I hit and killed a deer on my way home last night, our worlds colliding at one very precise moment in time. Those who know me well know that this is not the kind of thing that my sensitive nervous system typically handles in a skillful way. I flinched and closed my eyes on impact, and when I opened them I didn’t see the deer within my frazzled field of vision. I drove the last few minutes home trembling before turning back to find it, laying my hand on her soft, lifeless body and saying a prayer. There was guilt and grief, and also an unusually calm clarity.
As humans there is always death just beyond our fingertips – on our dinner plates, below our feet, keeping our bodies warm, fueling our various wants and needs – but we are often so far removed that we do not have any kind of relationship with it. There is an intimacy at the precipice of life and death that brings the veil very thin, and creates a deeper well to acknowledge, take responsibility, offer gratitude, and grieve. To let it take up space in your heart and feel into the greater cycles that are constantly turning, the aliveness and sentience in everything around us, shimmering at the outer edges of our vision. There is power in giving and taking life that deserves our full attention and reverence – the power of creation and destruction is woven into the fabric of our collective being, and we do a great disservice to ourselves by pulling our threads out of the tapestry.

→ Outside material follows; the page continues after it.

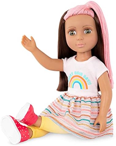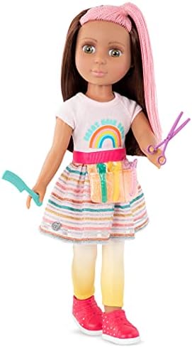 It’s time to shine with the Glitter Girls! These unique, posable 14-inch dolls have an exciting range of sparkly mix-and-match outfits and beautiful silky hair that’s easy to brush and style. Their 14-inch (36.8cm) height makes them perfectly portable and an easy size to play with for small hands. Glitter Girls dolls are easy to clean and care for, making them a great gift for 3-year-old girls (and up) who love fashion and, of course, glitter! (Contains small parts, so please supervise younger children!) Available in a range of hair, eye, and skin colors, Glitter Girls encourage children to be themselves, be positive, and “Add dazzle to every day!” all while reducing screen time and developing healthy social skills. Create a sparkling world of friendship and adventure with a range of imaginative accessories, toy horses, and 14-inch doll clothes. Let your kids “Stand Out and Be Bright” with the Glitter Girls! Salon day adventures: explore the brightest & stylish hairstyles with Lara! 14-inch hairdresser doll: Lara has beautiful hazel eyes, long eyelashes, and long, silky, brown and pink hair that’s fun to brush and style! Poseable: arms and legs bend and rotate to easily change outfits and style hair during salon days! Styling accessories: features a pretend blow dryer, 4 hair clips, a pair of scissors, comb, spray bottle, and a stylist apron to neatly hold her styling tools. Colorful fashion: wears a rainbow top with matching skirt, gradient leggings, and bright red shoes. Mix & match: outfit has easy-open closures to quickly put on and remove; compatible with most 14-inch dolls and accessories. Recommended age: suggested for kids ages 3+ (small parts); perfect height for small hands, easy to clean, and durable for everyday play.

It is not lost on me that there are always messages below the surface, and shared contracts being fulfilled. The deer folk have always come to me with reminders of grace, ease, and gentleness, with their sweet innocence, and it is interesting that we would come together in this intimately violent way. I also notice this comes at a time when the archetype of the sweet good girl has been dying a slow death inside of me, and may very well be meeting her ultimate and swift end as we speak. I also know, simultaneously, that this did not happen *for* me, and none of it means anything. But there is always sticky sweet medicine dripping from every sacred and profane exchange, and I will always choose to drink up every last drop.